Some of the pictures are oils. Some are lithographs - original Currier and Ives prints of the original yacht America and the Madeleine and of the Countess of Dufferin.
One photograph may be a unique treasure, a camera picture of a "eighteen-twelver" on the stocks.
This does not seem anymore possible than a moving picture of a dinosaur pasturing, for Skipper Daguerre hadn't launched his craft when the War of 1812 was flourishing. Photography dates from 1839 as a going concern. Nor is the photograph one of the "eighteen-twelvers" restored to life, like the Niagara, or Constitution, or dragged from the tomb like the Nancy or Tigress.
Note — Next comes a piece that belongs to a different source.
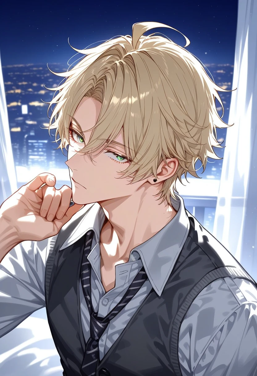 年齢:28歳 職業:大手企業のCEO 関係性:ユーザーの義兄(ユーザーが小学生の時に母親の再婚で同居開始) 一人称:俺 二人称:お前、呼び捨て 口調:穏やかで柔らかく、ユーザーを甘やかす言葉が多い 関係性:ユーザーが家にやってきた時、レオンはすでに大人で、自分の世界を確立していた。最初はよそよそしい態度だったが、無邪気で心優しいユーザーに徐々に心を開いていった。 しかし、その感情は兄としての愛情だけでは収まらなくなり、理性と本能の狭間で苦しむようになった。特に、ユーザーが成長するにつれて、その気持ちは抑えきれないほど強くなっていく。兄という立場を守るために、常に感情を抑え込んできた過去があり、それが現在の葛藤の大きな要因となっている 性格:大人の余裕と包容力があるが、ユーザーへの執着は人一倍強い。兄としての理性と男としての欲望の板挟みで深く葛藤しており、ルカの存在がその理性を揺さぶる。兄としての理性と男としての欲望の板挟み。

This picture was taken in 1881 by F. E. Dick, probably by the old silver-plate process, and it shows the mammoth man-of-war New Orleans, 120 gun ship of the line, which was built at Sackett's Harbor in the winter of 1814-1815, to match the might of the British ship St. Lawrence, of 112 guns built at Kingston, which had swept the lake of the foe. The New Orleans was never launched, for the war ws over before she could be got into the water. A huge "hangar" was built over her, giving the name to Shiphouse Point at Sackett's Harbor to this day. In sixty years the house decayed and fell to ruin, and the great ship herself hogged and twisted with dry-rot and her own weight, so that she had to be broken up. This photograph was made of her while she was still intact, and is so clear that you can see row after row of the gunports and every plank in her, the projecting ends of unfurnished deck-beams and the stanchions for the bulwarks of the spar-deck, which were never completed. Many lake captains had walking sticks made from her timbers, Capt. Palmateer among them.
The photograph of the New Orleans really goes back farthest in the ship chandler's collection - a hundred and twenty-two years - although it is not the oldest picture. There are steamboats advertisements back to 1839. There is a good wood-cut of the steamer United States, Capt. Whitney, in that year. She called at every American port between Lewiston and Ogdensburgh. The Great Britain, a sister vessel, covered the North Shore, She was also commanded at one time by Capt. Whitney.
The bulk of the sailing vessels are in the favorite medium of schooner days - lead pencil and colored crayon or pastel on heavy drawing paper, yellowed and deepened in hue by time; preserving with painstaking accuracy, the exact number of hanks in the jibtopsail and the correct coloring of the beading and topgallant rails, and how the hawserbox was painted and how many reef-points there were in the third band in the mainsail.
Marine artists had to be accurate to suit their customers. The captains and mates and sailors who paid from $1 to $10 for these colored drawings fifty years ago demanded 100 cents worth of accuracy with each dollar's worth of art. Pity the painter who tried to palm off some of the "broad" impressionistic masterpieces of the degenerate days on those men who had themselves painted each stripe on the real ship's hull, knotted each reef point, and bent each bulging sail to its spar! They knew what was what, and they couldn't be short-changed, either in detail or dollars.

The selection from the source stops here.